Although we can't control the change of seasons, Dr. Yeager provided us with expert tips on how to treat and manage SAD. Continue reading for five simple things you can start doing today to manage your SAD.
Take Daily Walks in the Morning
Dr. Yeager said that taking daily walks in the morning is a great way to help manage SAD. The exercise will help your body release endorphins (the chemicals responsible for creating euphoric feelings in the body) and the exposure from the sun will keep your body's clock on track.
Add More Light to Your Home and Office
Getting blackout curtains may be tempting if you're feeling lackluster, but Dr.

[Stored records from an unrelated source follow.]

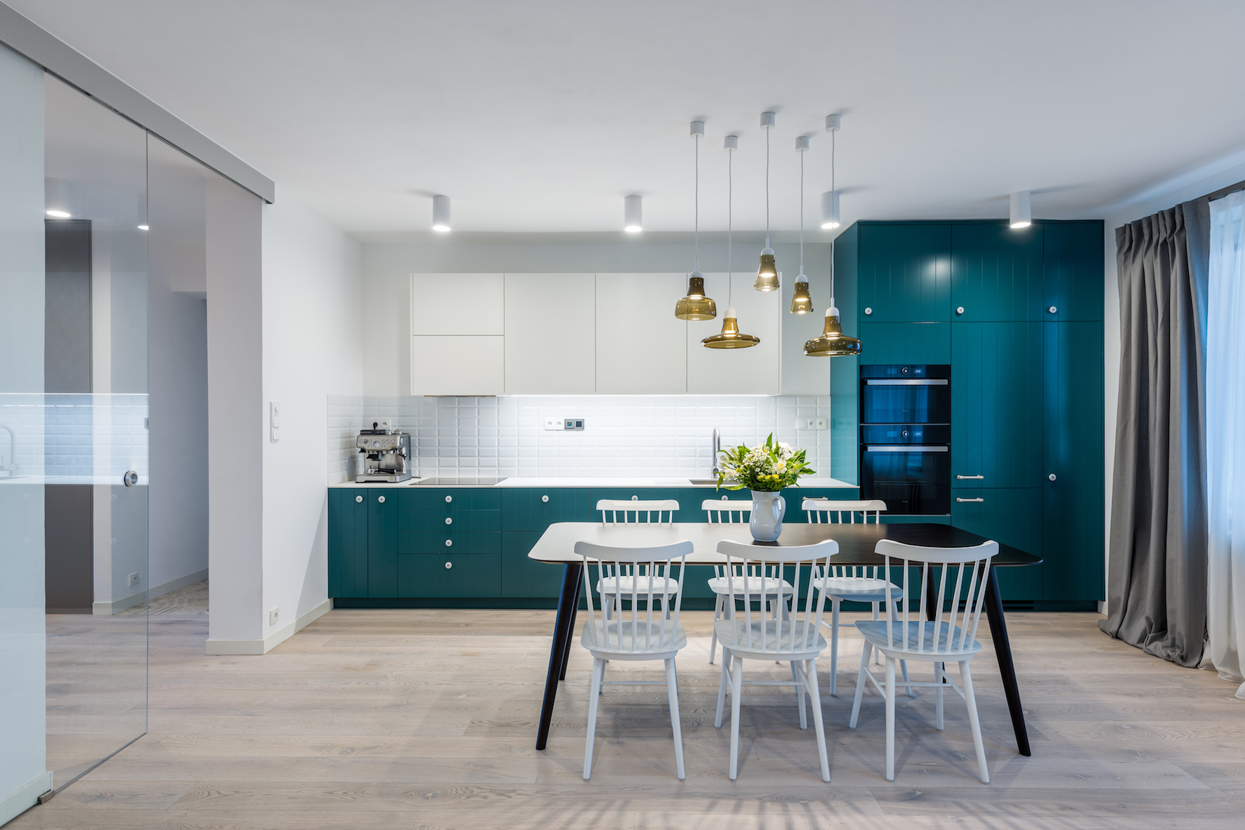 Moderní Provence v paneláku? Proč ne. Stačilo několik stavebních zásahů a tmavý byt se proměnil ve světlý prostor, kde zcestovalí majitelé rádi stráví zasloužený důchod. Originální šmrnc mu dodává tyrkysová barva, která prochází celým bytem. Společně s odstíny běleného dřeva na podlaze vytváří příjemnou přímořskou atmosféru. Netradiční tyrkysová sluší i kuchyňské lince.
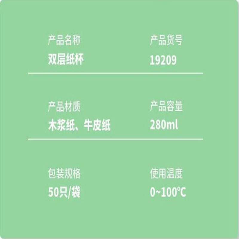 得力19209双层纸杯50只/袋 280ml 棕 (单位:袋)
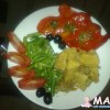 На гарнир у меня жареная спаржа, маринованый болгарский перец и свежие помидорки. Для красоты на тарелку добавила маслин.
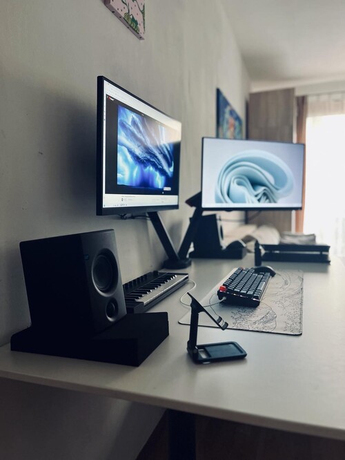 Az eszköz plug and play, nagyon gyorsan összeszerelhető, a monitorok 360 fokban fordíthatóak, illetve a kar egyedi kialakítása miatt előre, hátra, le / fel húzható elég sokáig.
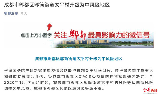 12 月 7 日,據郫都發布官方微信消息,根據國務院應對新冠肺炎疫情聯防聯控機制關于科學劃分、精準管控等工作要求和省市專家綜合評估,經成都市郫都區新冠肺炎疫情防控指揮部研究決定:自 2020 年 12 月 7 日 21 時起,將成都市郫都區郫筒街道太平村的風險等級由低風險調整為中風險。成都市郫都區其他區域風險等級不變。
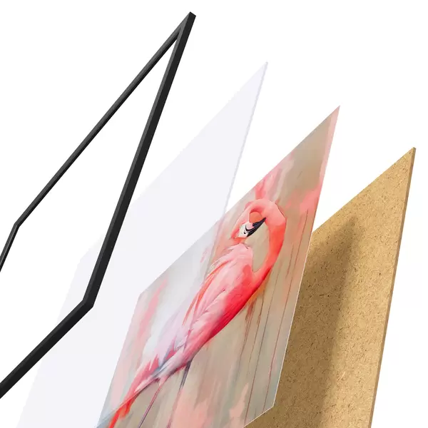 Le poster se compose d'un cadre, d'un plexiglas, d'une image imprimée et d'un support en aggloméré. Le poster peut être immédiatement accroché au mur grâce aux fixations au dos.
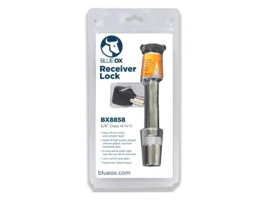 Secure your Blue Ox tow bar to your RVs hitch with a 5/8 in. diameter receiver lock. Receiver lock secures motor-home-mounted tow bar to RVs trailer hitch receiver.
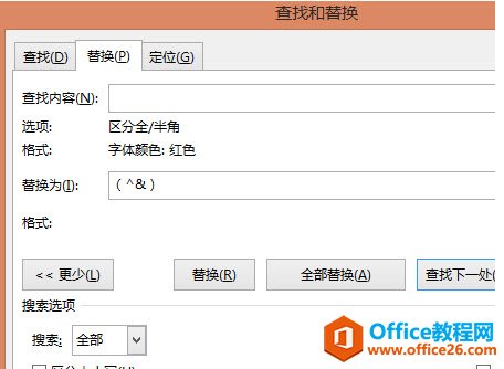 就是将红色的部分替换成红色加括号的设置。注意^&表示代替查好内容的设置。本例查找内容为红色字体。
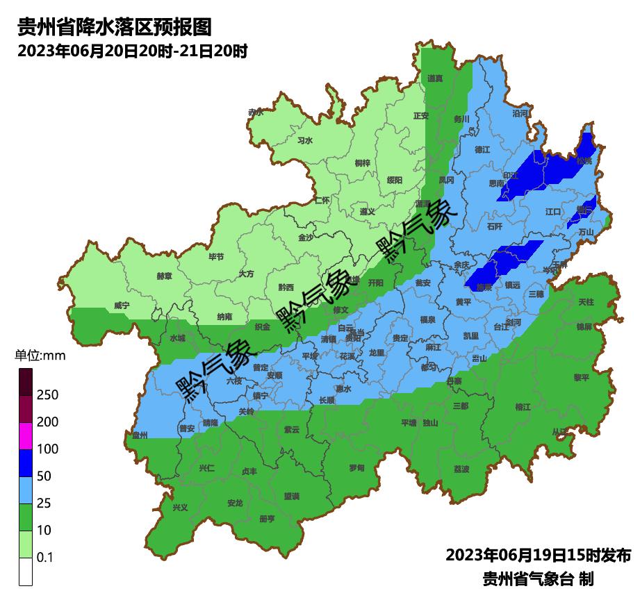 今天下午到明天白天,全省阴天间多云有阵雨或雷雨,其中,铜仁市南部、黔东南州、黔南州中南部、黔西南州南部、六盘水市南部局地有大雨或暴雨,个别乡镇有大暴雨;
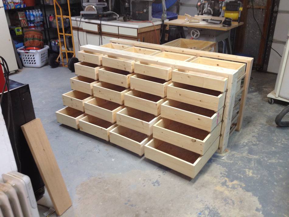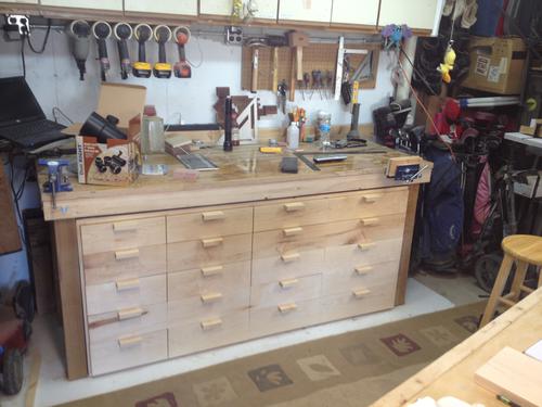 "Hello Matthias, Hope the winter is not too bad in Canada, but having been up in Montreal in December, I know it's pretty cold where you are! Using your basic design, I built the set shown in the attached. The supports and the runners for the drawers were made from the same piece of wood - kind of a neat feature. Plus, the support was 'L' shaped so it keeps the drawer lined up. The faceplates are maple. Thanks for the inspiration!"
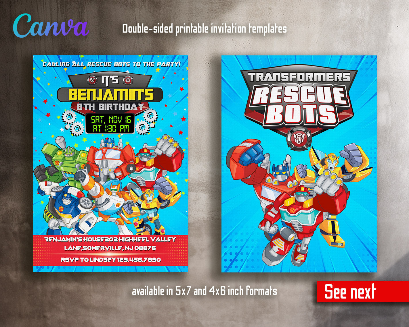Related Tags: transformers invite, transformer birthday, rescue bots invite, rescue invitation, rescue bots party, optimus prime invite, editable invitation, birthday invitation, printable invitation, invite template, bumblebee evite, autobots birthday, boy birthday

Yeager advises doing the exact opposite. "Flood your home or office with as much light as possible. When curtains are drawn or blinds are closed, you don't benefit from any natural light that's out there. If necessary, rearrange your interior to maximize any sunlight that filters through on cloudy days."
If your home/office doesn't have great natural light, he suggests purchasing a light box to mimic outdoor light.
We know that going out is probably the last thing that you want to do, but Dr. Yeager recommends staying social. "Sign up for a class, recruit an exercise buddy, or schedule regular outings with friends," Dr. Yeager said. You don't have to plan your entire month out in advance, but try to do at least one social activity a week.
Ask Your Doctor About Vitamin D Supplements
If you feel like morning walks and more light aren't working, Dr. Yeager recommends talking to your primary care physician about vitamin D supplements for the Winter months.